All stacks will incorporate one set of blind or blind/shear rams.

Shear ram must be able to shear and seal any pipe planned to be run through the BOP stack.

Manufacturer’s certification for compliance with NACE Standard MR0175 must be available and reviewed for all well control equipment.

For wells where H2S content is > 5%, all BOP rams must be fitted with 35% H2S elastomers.

For wells where H2S content is < 5%, all BOP rams must be fitted with 5%

H2S elastomers.

The BOP elastomeric components that may be exposed to well fluids must be verified by the BOP manufacturer as appropriate for the drilling fluids to be used and for the anticipated temperature to which they are exposed.

All stacks will incorporate at least one choke line and one kill line which enters the stack above the lower most set of rams.

Kill and choke lines, installed below the lower most set of rams, will normally be used for pressure testing or monitoring the well only.

Dual rams must be installed when running dual completion.

The lower most ram must be preserved as a master valve and should not be used as a stripping ram.

Dual full opening valves must be provided on each choke/kill line for all stacks. One valve on the choke line must be remotely activated.

Ram type preventers will have ram locking devices (Mechanical) installed.

The kill line must have double isolation from the standpipe manifold.

The kill line must have an operated kill valve or an NRV as a means of preventing flow of wellbore fluids into the wellhead area should the kill line fail.

Refer to Chapter-3, Section-7 for BOP stack testing procedure.

4. Pressure Rating

The working pressure rating of any BOP component must exceed the anticipated surface pressure to which it may be subjected (safety factor employed as per API standards).

5. H

2

S Environment

When operating in an H2S environment, the equipment must be constructed of materials with metallurgical properties that resist or prevent sulfide stress cracking (also known as hydrogen embrittelment, stress corrosion cracking, or H2S embrittelment). All BOP system components, wellhead, pressure control equipment, and related equipment exposed to H2S bearing fluids must conform to NACE Standard MR.01-75- latest edition.

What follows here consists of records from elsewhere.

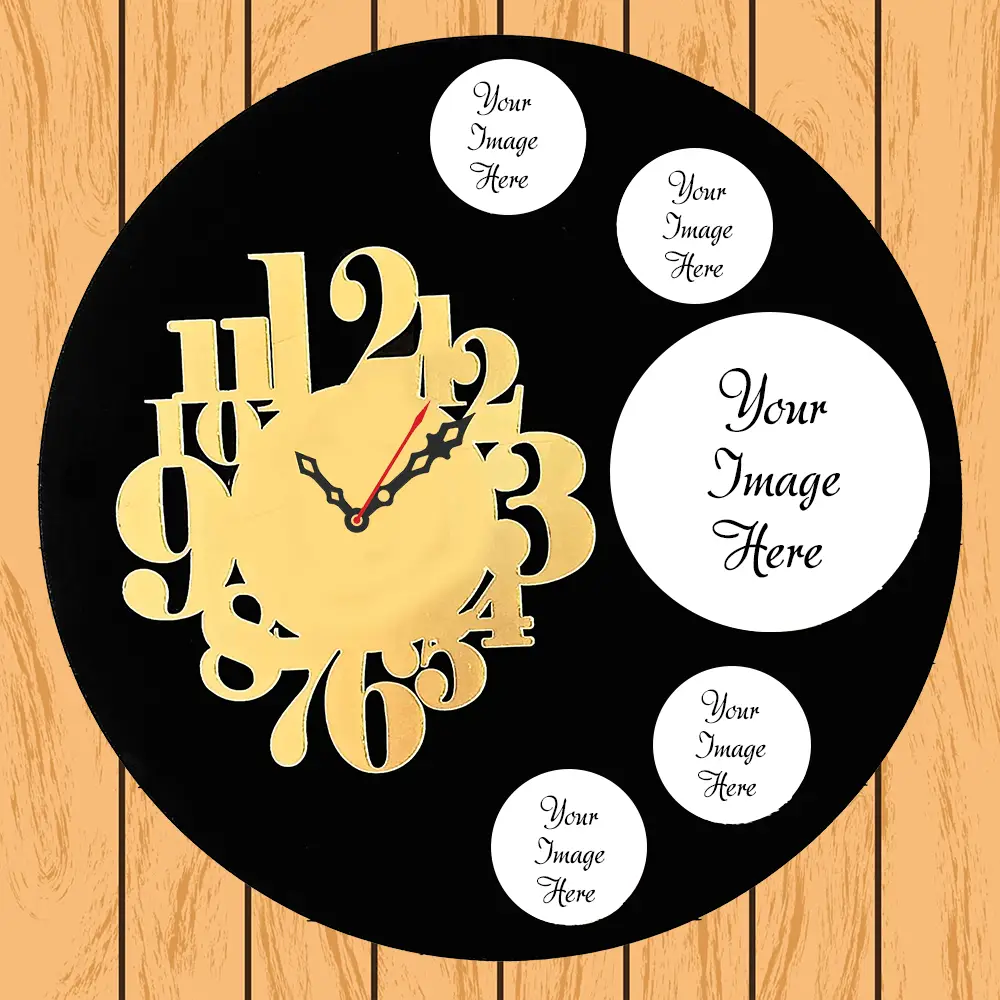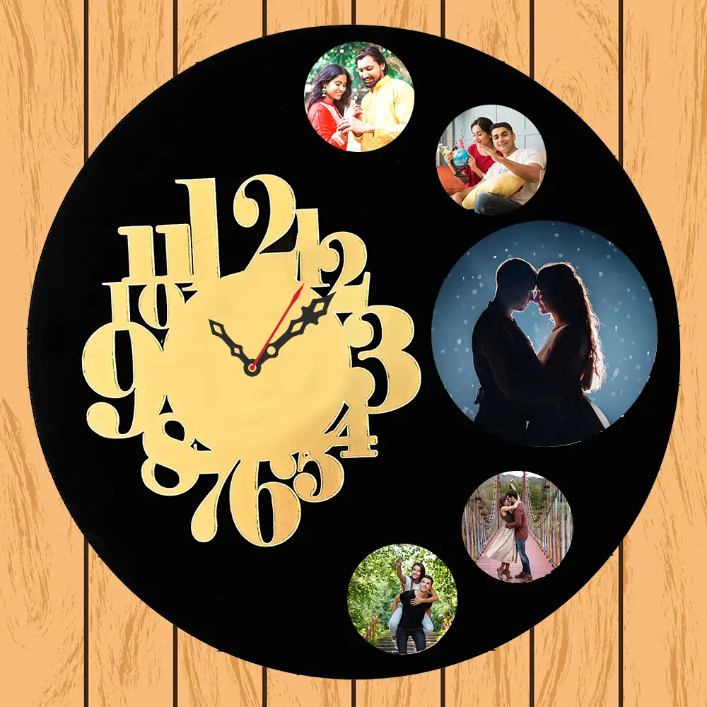 ransform your walls into a gallery of memories with the MDF Wall Clock WC-04 by IGIFTZI — a unique fusion of functionality and personalization. Crafted from premium quality MDF wood and finished with an elegant golden acrylic 1 to 12 figure dial, this wall clock is designed to capture hearts and time alike.
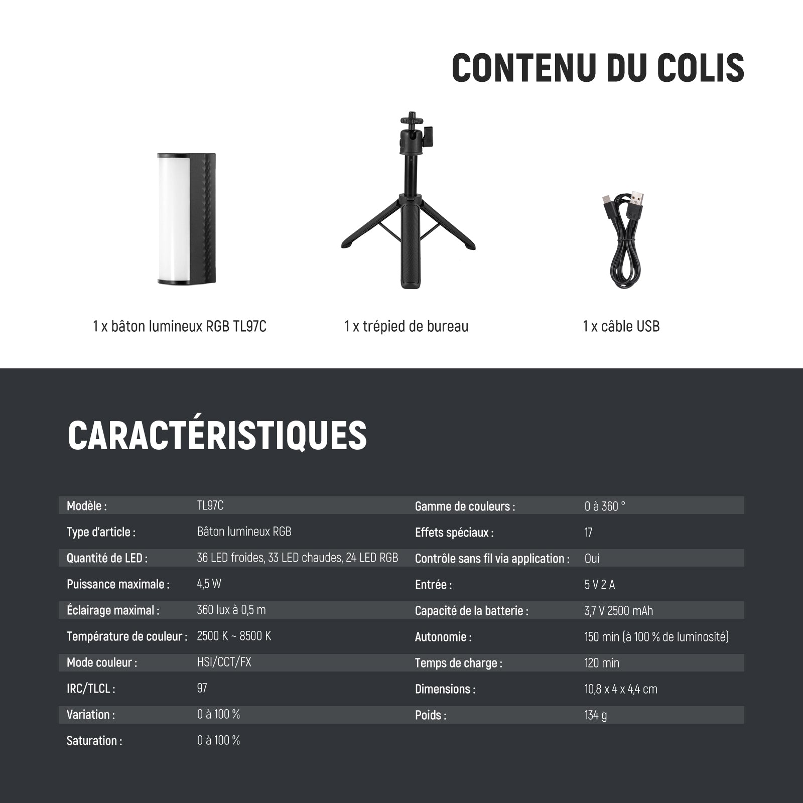 - 【Batterie Rechargeable 2500mAh】 Avec une batterie 3,7V rechargeable de 2500mAh, une autonomie d’éclairage continu à 100% de luminosité pendant 150 minutes et la possibilité de l'utiliser tout en chargeant. Complètement chargée en seulement 120 minutes via le port de type C 5 V 2 A, ce stick semble parfait pour les créateurs de contenu et les influenceurs qui ont besoin d'un éclairage constant. Très pratique pour des séances de tournage prolongées et sans interruptions!
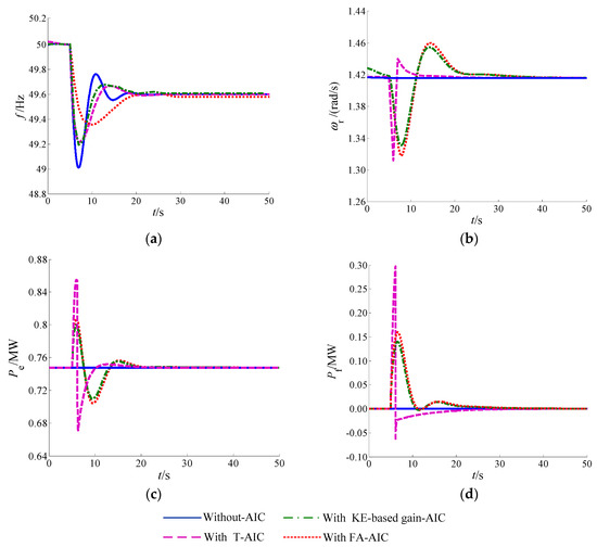 In the T-AIC mode, the system frequency change rate decreases and the minimum value raises from 49.01 Hz to 49.22 Hz and the time for the system frequency minimum value extends from 6.96 s to 6.99 s. In the KE-based gain-AIC mode, the system frequency minimum value is 49.21 Hz, which is smaller than the T-AIC 0.01 Hz. This is because in the KE-based gain-AIC mode, the proportional and derivative coefficients are adjusted depending on the units’ initial rotor speed. The lower the rotor speed, the smaller the coefficients are, so the proportional and derivative coefficients in the T-AIC mode are larger than those in the KE-based gain-AIC. However, in the case of the FA-AIC, due to the introduction of the fuzzy adaptive controller, the two coefficients can be adjusted based on the frequency deviation and the frequency deviation change rate caused by the load disturbance, so the system frequency minimum value is further increased to 49.36 Hz and the time to the minimum value prolongs to 10.0 s. However, the system frequency steady-state response is hardly improved. Obviously, the system frequency dynamic response is improved significantly with the T-AIC, KE-based gain-AIC and the FA-AIC. In addition, compared with the T-AIC and the KE-based gain-AIC, the FA-AIC improves more. It can be seen that the FA-AIC theme can provide effective inertial support to improve the system inertia response and reduce the frequency change rate at the initial stage of the load disturbance.

Blowout preventer systems on ADCO’s rigs are rated to 5% or 35% H2S as follows:

Table 1- 4: BOP’s H2S rating on ADCO’s rigs

Rig H2S Rating (%)

NDC-1, NDC-2, NDC-8 and NDC- 10 5

NDC- 9, NDC- 16, NDC- 17, NDC- 21, NDC- 22, NDC- 11, NDC-24, NDC- 25, NDC-31, NDC-32, NDC-33 and NDC- 34

35

6. Tapered Drill Pipe Operations

Prior to commencing tapered drill pipe operations, the BOP stack must be equipped with conventional and/or variable bore pipe rams installed in one or more ram cavity to provide a sealing around the larger size drill pipe and smaller size of drill pipe.

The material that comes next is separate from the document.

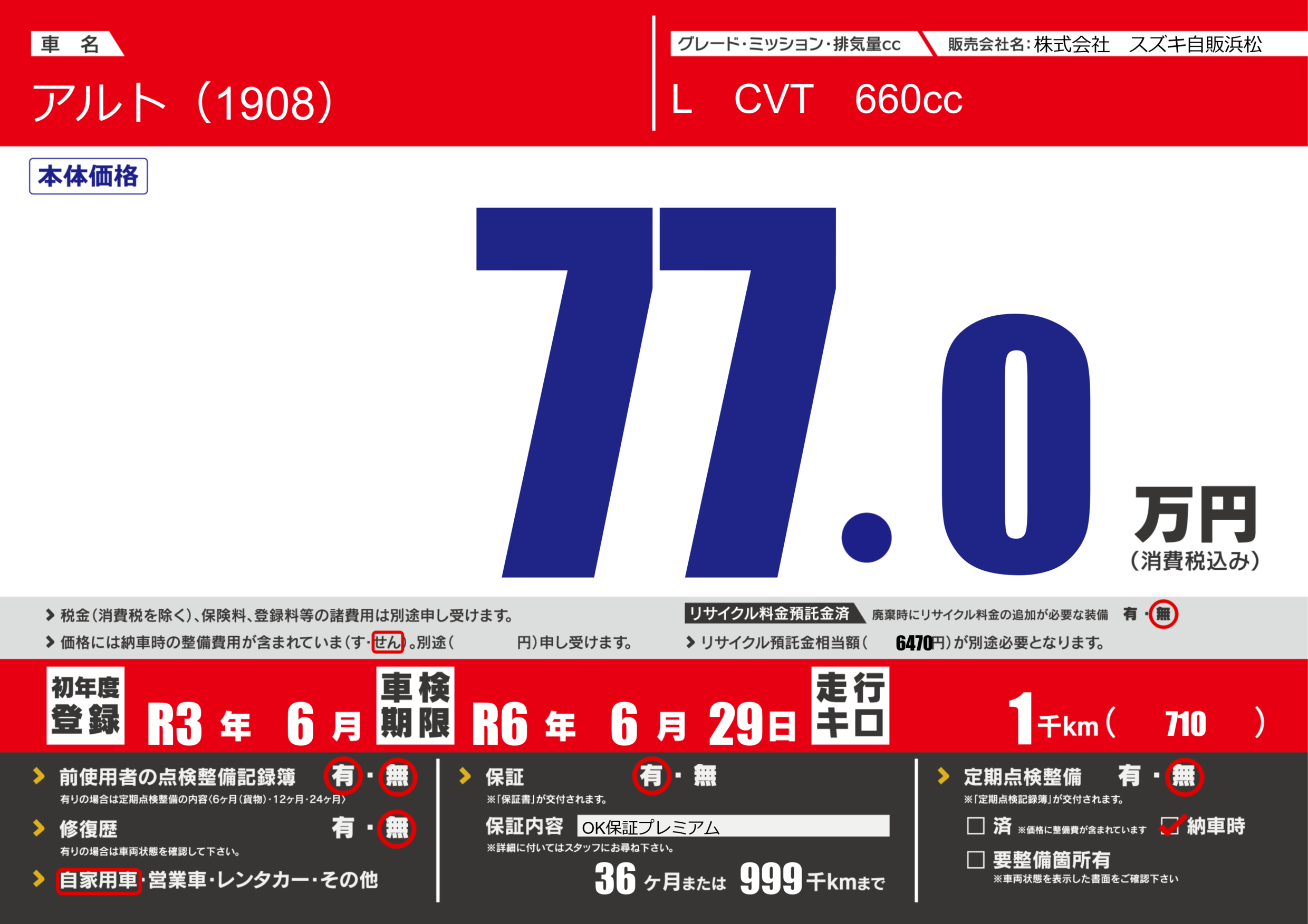 保証付き 保証内容(OK保証プレミアム) 36ヶ月または(999)千kmまで |

7. Modifications, Changes and Repairs

All modifications, design changes or weld repairs to well control equipment must comply with and be certified by the manufacturers.

Original equipment manufacturers spare parts must be used at all times.

Well control equipment that has been subject to any design change, modification or body repair is to be tested to its full test pressure and, if applicable, re-certified before use. Where repairs entail change out of parts only a pressure test to the full working pressure only is required.

8. Well Control Training and Drills

Each driller, Rig Manager, Drilling Supervisor, Mud Engineer, Drilling Engineer, Senior Operations Engineer and Drilling Team Leader must have a valid well control certificate for land drilling operations that meets the IWCF standard.

Well control certificate must be current and renewed prior the expiry date.

Well control drills must be conducted for each drilling crew in accordance with the frequency in Chapter-3 “Well Control” of this Volume.